Il est dit, à la fois dans le catalogue de la BnF et dans les premières lignes de l’introduction (signée des deux directeurs) que le présent ouvrage est fait de « contributions issues du colloque international éponyme organisé du 13 au 16 novembre 2013 à Fort-de-France ». L’introduction précise que le thème du colloque, le même que celui de l’ouvrage collectif, « en prolonge aussi la réflexion et repose la question de savoir comment la révolte constitue le noyau central pour penser à la fois Albert Camus et Aimé Césaire ».
On notera que 2013 correspond au centenaire de naissance des deux « révoltés », ce qui explique que d’autres « révoltés » sont absents. On verra néanmoins que, tel Frantz Fanon, ils sont dans l’ouvrage appelés à la barre.
Donc ni actes de colloque, ni rassemblement des communications qui y furent faites, mais ici poursuite de la réflexion. Dans quelle mesure cette poursuite développe cette réflexion ? Impossible de le savoir car aucun acte proprement dit du colloque n’est accessible.
Remarque sans grand intérêt dans le cas présent, car l’ouvrage se propose de regrouper ses contributions en fonction de cinq thématiques : la mythologisation de la révolte, la philosophie de la révolte, l’histoire de la révolte, l’idéologie de la révolte, le langage de la révolte.

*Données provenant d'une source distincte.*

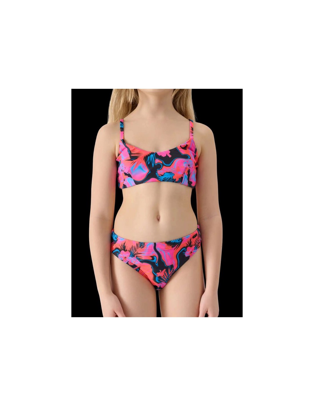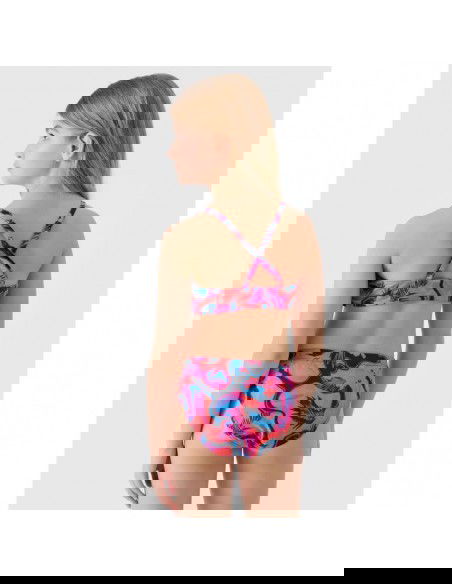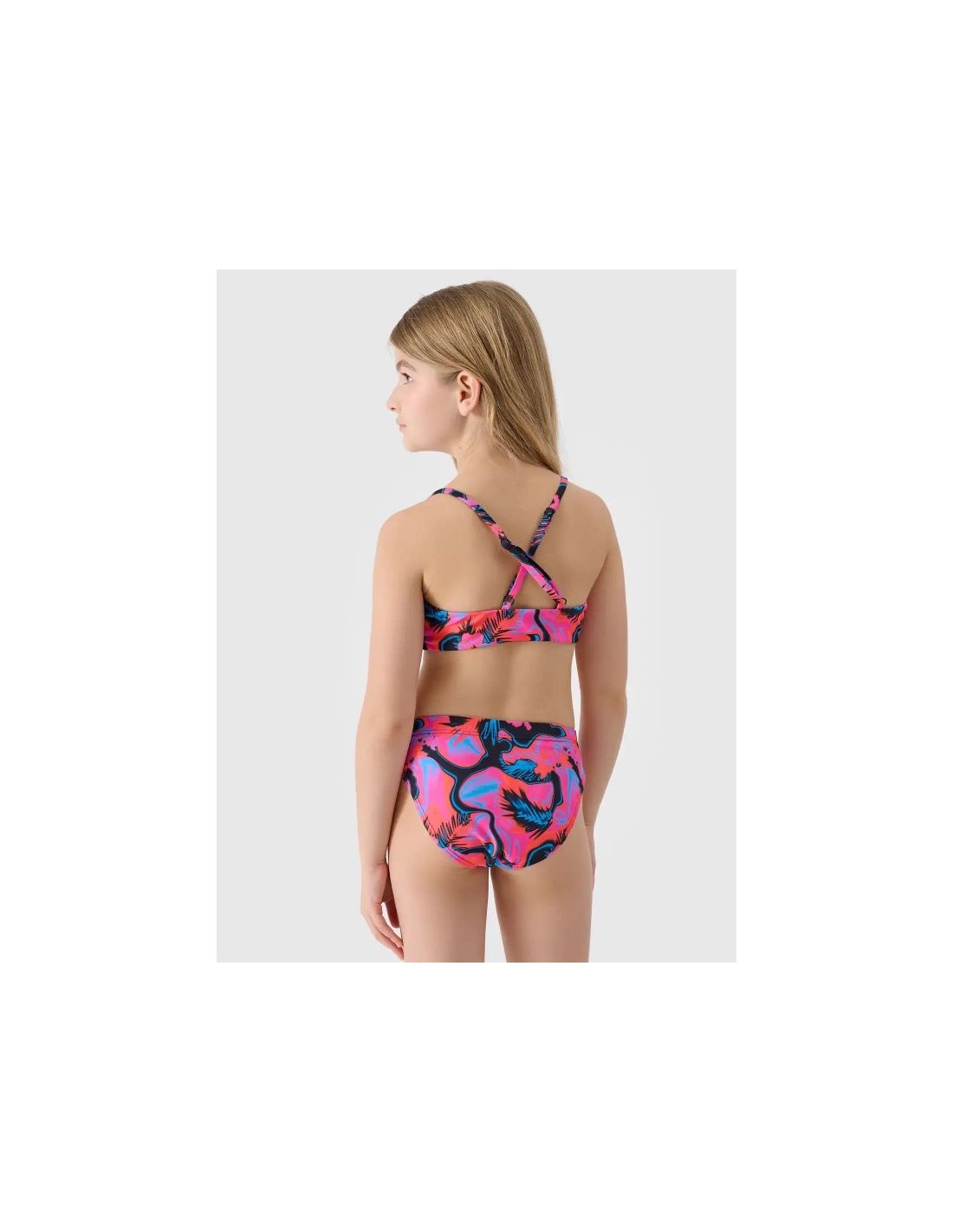 This girls' bikini set is a perfect choice for summer. It combines a fashionable look, comfort, and functionality, making it perfect for beach fun, swimming, or relaxing by the water. This two-piece swimsuit for girls was designed with active young women in mind. Stretchy fabric with elastane ensures a perfect fit and freedom of movement, while quick-drying fibers help effectively wick away moisture and maintain thermal comfort. The fashionable, colorful design and meticulous finishing make this set look stylish and stand out from other models. It's a perfect choice for girls who want to feel comfortable and confident during summer activities. 4F girls bikini set – product features: Size range: 122–164 Two-piece design – top + panties Stretch fabric with elastane (15%) – fit and comfort Quick-drying material – moisture wicking Hygienic lining – greater coverage and comfort Wide, non-adjustable straps Colorful print – attractive appearance This 4F girls' swimsuit combines quality, style, and comfort. It's perfect for both the pool and vacations.

Certaines de ces cinq thématiques peuvent paraître un peu artificielles, au moins dans leurs intitulés. Quelle différence exacte entre « philosophie » et « idéologie » ou « mythologisation » ? Mais acceptons cette « catégorisation », car s’y insèrent dix-huit contributions qui sont autant d’essais au sens propre du mot et qui ne traitent que de questions spécifiques, par conséquent non exhaustives, encore moins synthétiques. Aucune notation désagréable dans ce constat, c’est la règle du jeu dans une réflexion en train de se faire.
Comme il est d’usage dans cette réflexion en cours, le lecteur trouvera dans l’introduction des lignes directrices.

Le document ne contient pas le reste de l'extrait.